One snowy night was chilly forecast Football: When the Colts left Baltimore on a wintry night 14 years ago, they were only the second team to leave its city. Since then, five teams have relocated.

November 29, 1998|By Ken Murray | Ken Murray,SUN STAFF

In 1984, there were no club seats, no permanent seat licenses, no Camden Yards complex.

There was only the legal threat of eminent domain and it was not enough to prevent Baltimore from losing its Colts to Indianapolis one snowy March evening.

That was an era of less sophistication and perhaps more naivete, and who knew the Colts would become trend-setters in the burgeoning business of NFL relocation?

Fourteen years and five franchise shifts later, the Indianapolis Colts make a historic return to play Baltimore's own transplanted team, the Ravens, this afternoon. The defining horseshoes will look the same, but so much about the Colts' organization has changed.

The biggest difference, of course, comes at the top. Robert Irsay, the team owner who moved the club in the middle of the night in 1984, died in January 1997. He was replaced by his son, Jim Irsay, who spent his first year on the job ensuring a Colts future in Indianapolis.

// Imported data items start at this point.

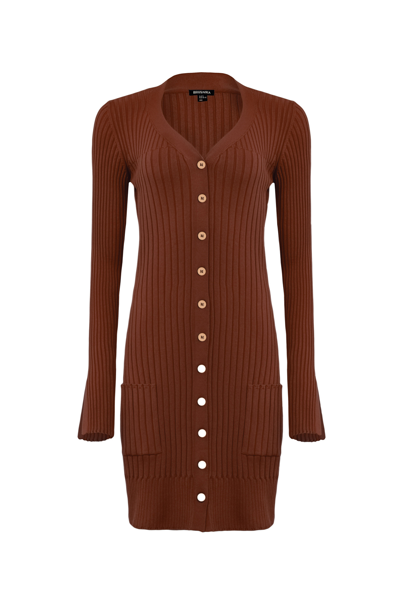 Платье-кардиган на пуговицах, с накладными карманами и разрезами на манжетах.
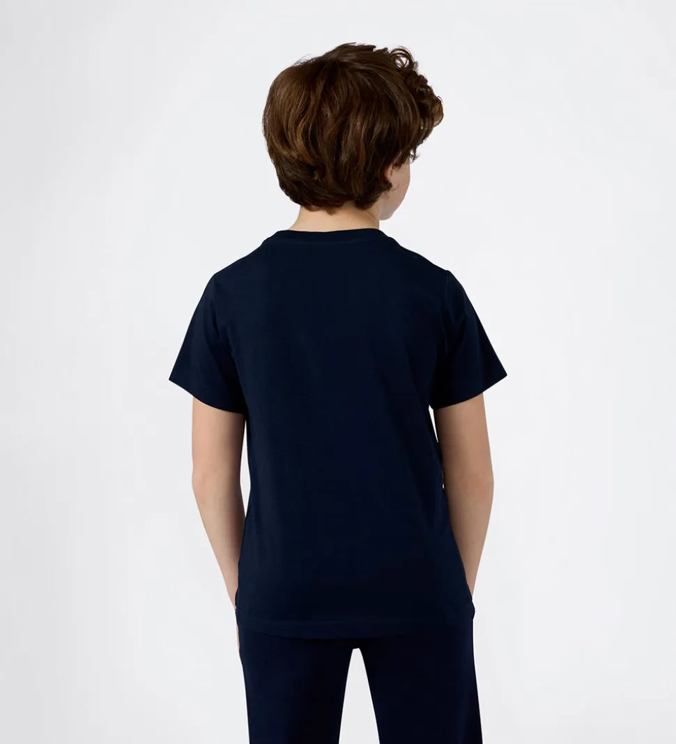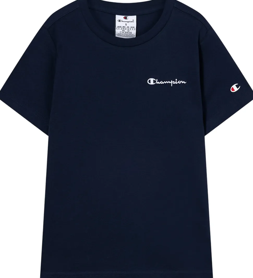 Flot Champion t-shirt i navyblå med et broderet logo i hvid på venstre bryst. Champion t-shirten har en rund halsudskæring med en smal ribkant og korte ærmer.
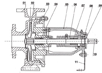RY热油泵的结构大致分为两种:一种是中心支撑结构,另一种是脚支撑结构。且热油泵泵体的进口与出口方向不在一条水平线上,进口为轴向吸入,出口为中心垂直向上。热油泵整机共分为三部分:泵头,底座,电机。泵头与电机用弹性联轴器相连接,并一同固定在底座上。
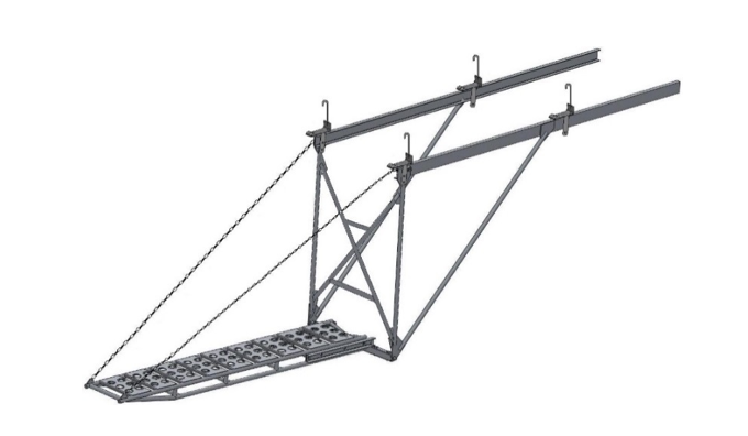 Такелажные точки выполнены в виде скоб, располагающихся на двух рамах, за которые заводится канат, и трап поднимается на место установки.
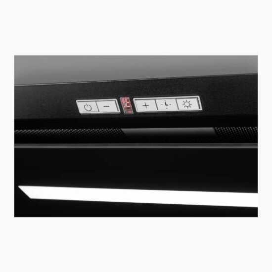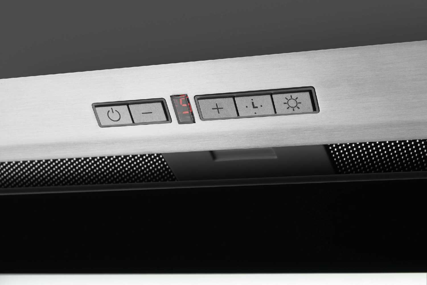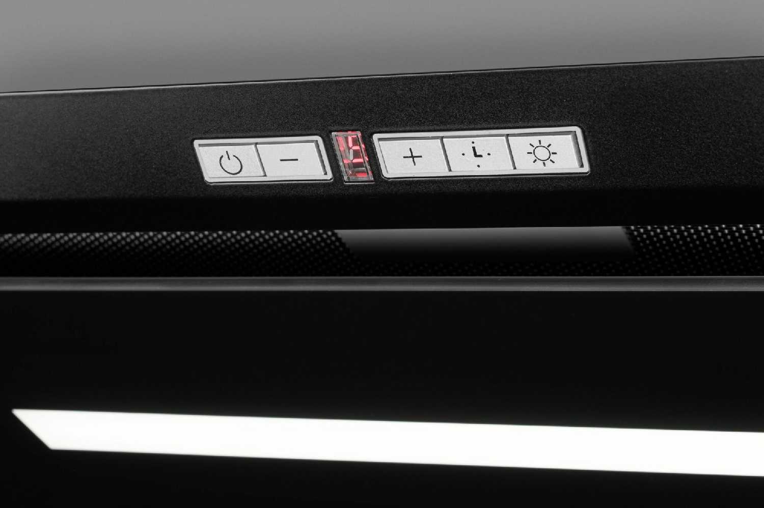 Управление вытяжкой реализовано с помощью механических кнопок, расположенных под наклоном на стеклянной панели; пользователи отмечают их четкий и понятный ход, а также преимущество такой системы перед сенсорной панелью в надежности и тактильной обратной связи. Подсветка выполнена на светодиодах и оценивается как достаточно яркая для комфортного освещения варочной поверхности в вечернее время. Конструкция является полностью встраиваемой и монтируется в стандартную нишу кухонного шкафа шириной 60 см, а декоративная панель скрывает металлический фильтр, делая устройство незаметным и эстетичным элементом интерьера когда оно не активно. Механизм открывания фильтра выполнен качественно и работает плавно, обеспечивая удобный доступ для обслуживания. Вытяжка интегрируется вровень с фасадами мебели, не выступая за их плоскость, что создает целостный и стильный вид кухонного гарнитура. Для установки требуется учитывать значительный вес прибора, что отмечено в отзывах как важный момент при монтаже и транспортировке.
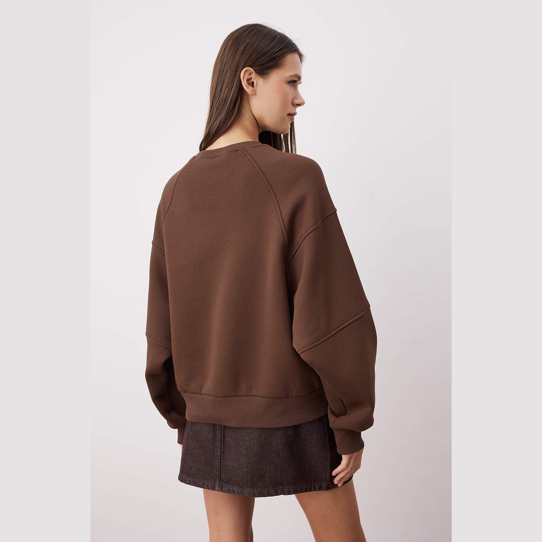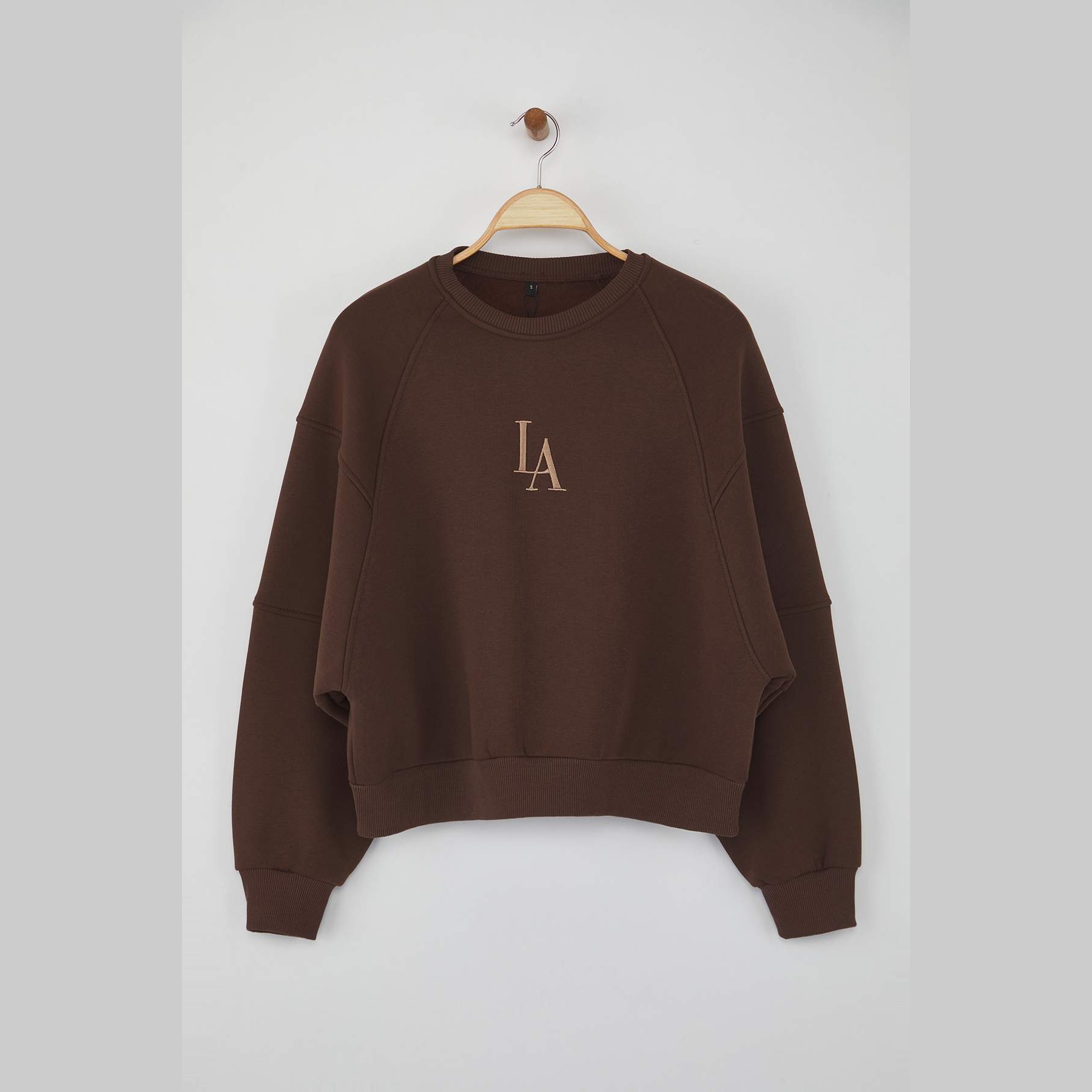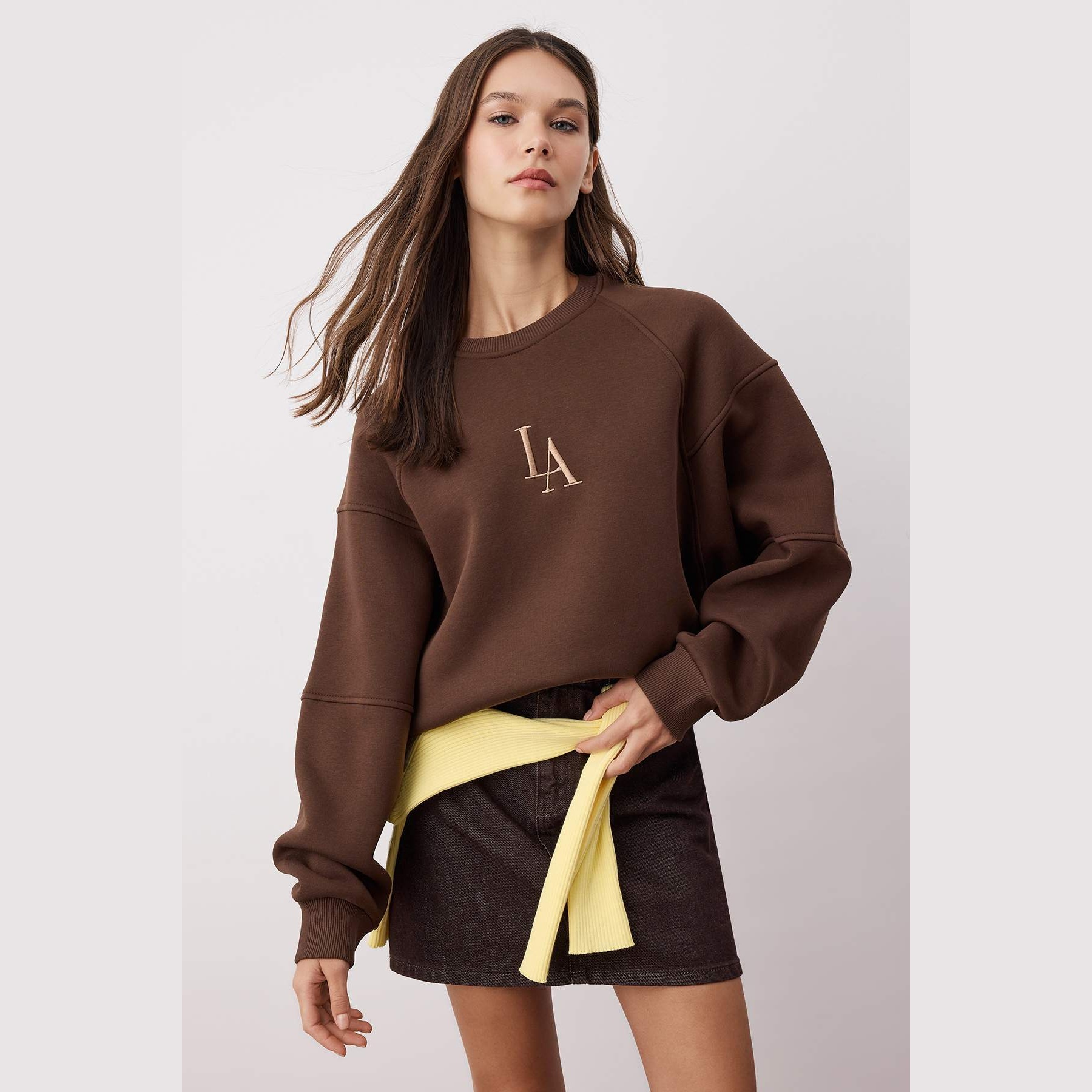 سويت شيرت نسائي – بني بتطريز أمامي وقصة منتظمة (دفء شتوي بإطلالة أساسية أنيقة)

Confronted with declining attendance, a struggling team and diminished stadium revenues -- obstacles similar to what his father faced 15 years ago -- young Irsay hammered out a new lease agreement that will keep the Colts playing at the RCA Dome through 2006.

In a news conference with the Indianapolis media last week, Irsay, at 39 the youngest owner in the league, said he couldn't envision himself uprooting his team.

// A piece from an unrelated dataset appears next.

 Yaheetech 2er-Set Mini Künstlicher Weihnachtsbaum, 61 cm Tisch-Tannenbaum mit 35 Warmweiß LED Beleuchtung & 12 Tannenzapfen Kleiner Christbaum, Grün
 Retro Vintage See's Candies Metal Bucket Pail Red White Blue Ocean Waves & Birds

"It would just be very, very difficult to do that, having gone through the slow and painful crumbling of our situation there," he said of the Baltimore experience.

"If anything positive came out of it, it's remembering how to do the process and how not to let that happen. It's very easy to let the process start to go downhill."

Irsay, who was not available to the Baltimore media, pointed to breakdowns on both sides of the negotiating table in that rancorous showdown.

"The corporate and political partnership must exist with NFL ownership on all levels to make a team work in its community," he said. "That was a difficult situation because it wasn't there on almost any level.

"Carroll Rosenbloom had gone. We had taken over. A lot of popular players were let go. We won three division championships. By the early 1980s, we were struggling. It was a total breakdown on everybody's part, and I think it was something that could not be salvaged."

Franchise relocation was uncharted territory at the time. Al Davis had defied the NFL by moving the Oakland Raiders to Los Angeles in 1982. But in early 1984, Bob Irsay was granted permission by the league to find a new home.

Since then, five NFL teams have relocated. All but the Raiders' 1995 return to Oakland went through proper channels. Still more moves could occur in the near future. With legislative approval for a new stadium in Hartford, Conn., the New England Patriots could leave Foxboro, Mass., as early as 2001.

The Buffalo Bills might leave before that. They have a Tuesday deadline to sell $11 million in club seating at Rich Stadium. That would activate an agreement with the New York State Assembly to provide $63.25 million for stadium and facilities renovations in a total package of $95 million.

As of Wednesday, sales had reached $10.6 million. If the team is unable to hit the $11 million target, Bills owner Ralph Wilson can opt out of his lease after this season.

So, issues that were ground-breaking in 1984 now are commonplace.

"In 1998, there are more experienced people," Irsay said. "Politicians are more experienced [in sports business], owners are more experienced in handling a difficult situation. It takes a lot of patience. One missed step can often lead to another, and you can get to a point of no return. That's what happened with everyone involved in that situation."

The deal Robert Irsay accepted in Indianapolis included a $12.5 million loan at 8 percent interest, ticket and broadcast guarantees of $7 million to $12 million a year, a training facility, and the then-Hoosier Dome with 87 luxury suites. For that, he agreed to a 20-year lease.

With a better loan offer, Baltimore insisted Irsay sign a six-year lease to get state funds for improvements to archaic Memorial Stadium, including skyboxes. The problems with Memorial Stadium actually started with Rosenbloom's ownership, and neither he nor Irsay was able to resolve them.

When Baltimore played its eminent domain card -- whereby the state would purchase the team from Irsay -- it set in motion the March 28 move.

It took Baltimore a dozen years to get back into the NFL, and only after several failed attempts at luring existing teams or winning an expansion franchise.

The Colts' terms in Indianapolis pale in comparison to the bargains negotiated this decade. When the Los Angeles Rams moved to St. Louis in 1995, for instance, the city used $75 million from seat licenses to cover $30 million in team debts, the league's $29 million relocation fee, and $15 million for a training camp. Plus, the Rams had only to pay $250,000 in rent for their new, $260 million domed stadium.